In contrast, China shared the same rank as a lower middle-income country in 2005. But in 2010, it became an upper-middle-income country, one year ahead of Thailand. This was simply because since China began to open the country up in 1978, its GDP growth grew at an average rate of nearly 10%. Available statistics indicate that China, which has experienced declines in GDP growth rates during the outbreak of Covid-19, is still expected to sail through the end of 2022 and become a high-income country by the end of 2023.

It is not intuitive to understand the adverse effects of political instability. It is, therefore, necessary to explain how political instability has a dampening impact on economic development. First, it shortens the horizons of policymakers in terms of economic development. Due to instability, policymakers and investors dislike thinking very far into the future. Long-term economic investment is risky, as business and politics are intertwined in Thailand.

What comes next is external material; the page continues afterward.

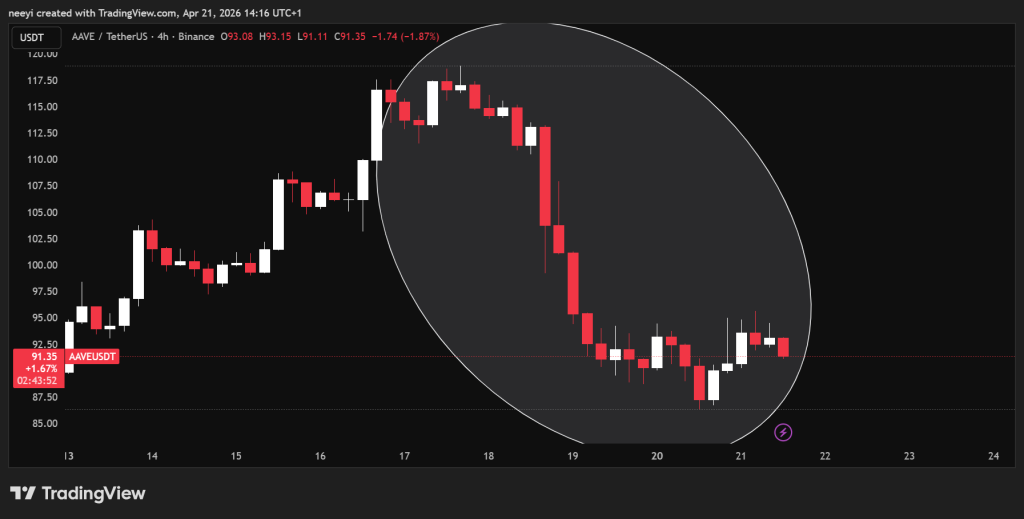 A look at the AAVE price action shows a market reacting to more than just a single exploit. The drop followed a mix of internal exits, technical setbacks, and a major external attack that affected liquidity across the protocol.

When a new government comes into power, it usually supports rival businesses. It also alters economic development policies that create volatility and unpredictability. Business leaders, particularly foreign investors, perceive political instability as a threat to their businesses, thus negatively affecting economic development.

The frequent coups in Thailand have reinforced the political power of the bureaucracy through newly created strict rules and order. Therefore, the fledgling local government agencies must follow the rules prescribed by the Ministry of Interior. As a result, local governments in Thailand are much less accountable for the economic well-being of citizens than those in China.

Since 1978, China has devolved significant economic development control to local governments. In addition, it has allocated an average of 65% of the national budget to local governments. In Special Economic Zones such as Shenzhen, Zhuhai, Shantou and Xiamen, the government has allocated a large amount of its budget to local governments as an investment for the economic well-being of the citizens. Currently, Thailand still allocates only 29% of its budget to local governments, thus reaping much smaller multiplier effects for national economic development. Thailand should learn from the experiences of China and rectify the wrongdoing that has plagued Thailand for over seven centuries.

Peerasit Kamnuansilpa is Dean of the College of Local Administration, Khon Kaen University. Wei Yang is a Lecturer at the College of Local Administration, Khon Kaen University, from Yunnan, China.